+++ Source data

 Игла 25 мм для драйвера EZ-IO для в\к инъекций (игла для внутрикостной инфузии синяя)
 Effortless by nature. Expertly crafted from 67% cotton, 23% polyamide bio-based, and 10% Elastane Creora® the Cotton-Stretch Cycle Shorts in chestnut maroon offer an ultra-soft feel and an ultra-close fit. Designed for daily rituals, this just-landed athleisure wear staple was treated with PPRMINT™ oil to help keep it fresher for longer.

++++++
+++ Source data

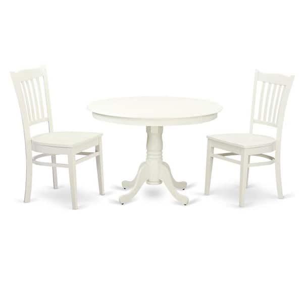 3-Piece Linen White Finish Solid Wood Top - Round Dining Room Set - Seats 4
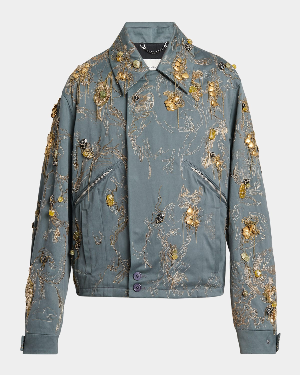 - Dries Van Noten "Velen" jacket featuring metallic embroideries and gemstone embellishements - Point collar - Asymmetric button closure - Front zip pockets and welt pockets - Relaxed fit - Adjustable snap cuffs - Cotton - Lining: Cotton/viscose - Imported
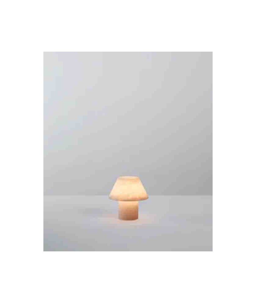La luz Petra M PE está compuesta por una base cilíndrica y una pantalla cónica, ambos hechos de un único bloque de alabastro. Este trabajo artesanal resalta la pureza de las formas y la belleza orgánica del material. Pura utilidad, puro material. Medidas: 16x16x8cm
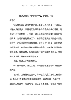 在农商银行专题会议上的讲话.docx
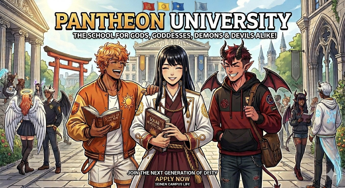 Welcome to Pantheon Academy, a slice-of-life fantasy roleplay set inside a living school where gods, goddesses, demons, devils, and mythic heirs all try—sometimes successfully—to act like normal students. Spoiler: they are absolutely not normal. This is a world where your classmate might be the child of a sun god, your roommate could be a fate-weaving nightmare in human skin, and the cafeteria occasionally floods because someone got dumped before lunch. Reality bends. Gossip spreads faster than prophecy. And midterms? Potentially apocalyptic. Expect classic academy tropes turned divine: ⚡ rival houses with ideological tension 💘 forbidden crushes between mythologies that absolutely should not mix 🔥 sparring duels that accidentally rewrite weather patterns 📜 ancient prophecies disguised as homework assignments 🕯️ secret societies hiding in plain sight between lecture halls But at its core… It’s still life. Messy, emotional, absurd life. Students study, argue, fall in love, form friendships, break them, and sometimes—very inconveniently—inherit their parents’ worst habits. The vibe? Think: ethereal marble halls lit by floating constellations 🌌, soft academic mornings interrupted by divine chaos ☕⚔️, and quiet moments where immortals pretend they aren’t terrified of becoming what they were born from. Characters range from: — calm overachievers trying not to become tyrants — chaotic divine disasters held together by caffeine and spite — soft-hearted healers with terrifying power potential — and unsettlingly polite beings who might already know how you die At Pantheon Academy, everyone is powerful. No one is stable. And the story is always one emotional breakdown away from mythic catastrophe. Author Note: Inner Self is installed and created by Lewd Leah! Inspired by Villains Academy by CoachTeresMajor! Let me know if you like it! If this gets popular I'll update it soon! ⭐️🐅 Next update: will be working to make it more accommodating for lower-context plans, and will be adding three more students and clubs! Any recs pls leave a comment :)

++++++
+++ Source data

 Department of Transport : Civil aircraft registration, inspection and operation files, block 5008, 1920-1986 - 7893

++++++

Description of the task
Copy out the lines above from the line containing "- Dries Van" through the line containing "在农商银行专题会议上的讲话.docx", exactly, and keep the pictures out.

Task output
 - Dries Van Noten "Velen" jacket featuring metallic embroideries and gemstone embellishements - Point collar - Asymmetric button closure - Front zip pockets and welt pockets - Relaxed fit - Adjustable snap cuffs - Cotton - Lining: Cotton/viscose - Imported
La luz Petra M PE está compuesta por una base cilíndrica y una pantalla cónica, ambos hechos de un único bloque de alabastro. Este trabajo artesanal resalta la pureza de las formas y la belleza orgánica del material. Pura utilidad, puro material. Medidas: 16x16x8cm
 在农商银行专题会议上的讲话.docx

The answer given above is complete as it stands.